Format: Video from The Magic Flashdrive on laptop.
If I were a film student, I think I would strongly consider doing a dissertation on the cinema of oppression. It’s interesting, I think, how people react to films about the oppression of others. I think often we are more upset about the stories we don’t know and aren’t familiar with than with the ones that are more culturally our own. It’s probably from surprise. I’m not yet inured to the Holocaust despite having seen more than my share of films about it. The enormity of the event prevents me from ever really having a “been there, done that” attitude. And yet I find myself often more moved by stories of social evils and people buried under the weight of their wicked governments that I was not familiar with before watching. Why is this? I think it has something to do with familiarity. I know where a Holocaust film is going. I didn’t know enough about what happened in Taiwan post-World War II to really know much about Bei Qing Cheng Shi (A City of Sadness).

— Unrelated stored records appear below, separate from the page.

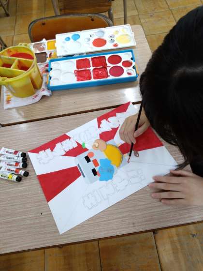 夏休み開始時より『大阪市明るくきれいな選挙推進ポスターコンクール』に出品する作品を制作しています。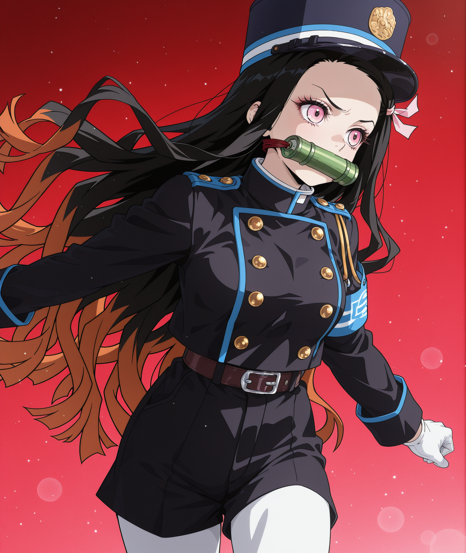 긴 소매, 장갑, 재킷, 흰색 장갑, 더블버튼, 검은 재킷, 유니폼, 단추, 팔찌,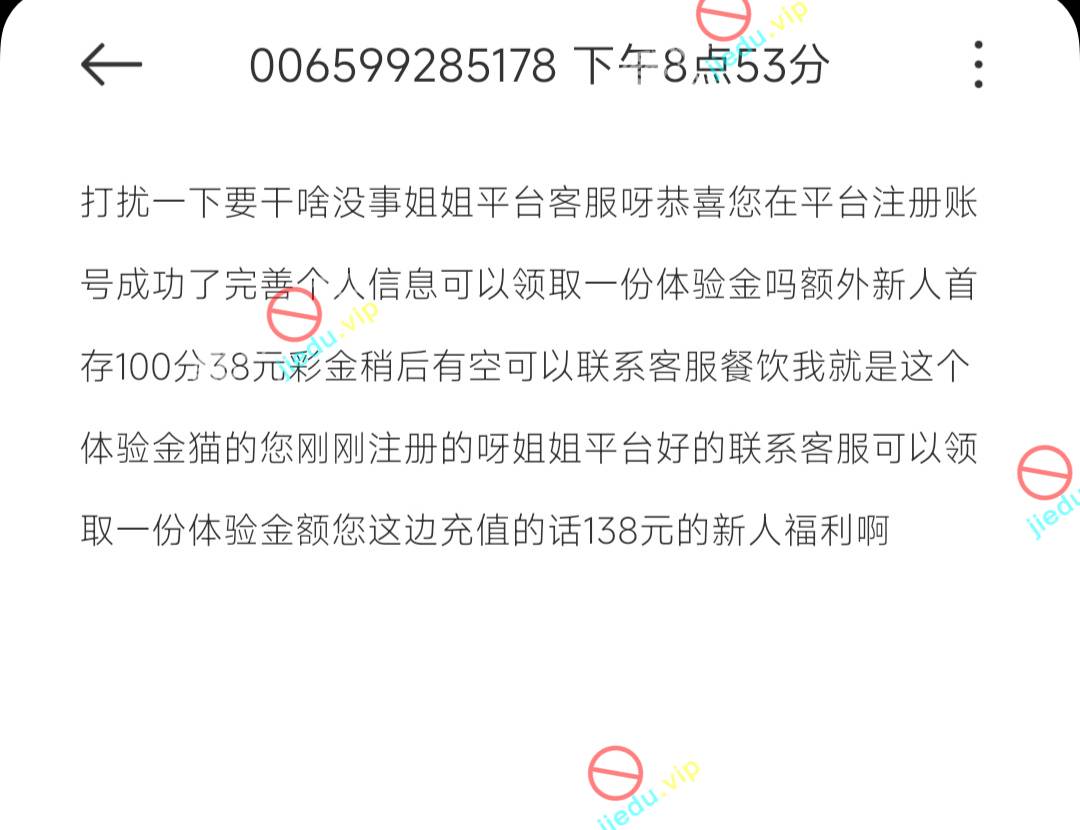 应该是个黄播,姐姐平台谁知道的,打电话说送体验金,但是没说网址,

I knew nothing of what happened in Taiwan after it was given back to Mainland China after the war. As such, I had no idea what to expect or what kind of human injustice would crop up agains the people in this story. The film tells the story of a single family living in Taiwan after its return to Chinese rule following the war. Immediately there is corruption and trouble. While the people appear to be happy to be free of Japanese rule, the begin to see that not everything is as good as it once was. Food becomes scarce, and the systematic oppression of the people, particularly those sent to Taiwan by Chang Kai-shek becomes the norm.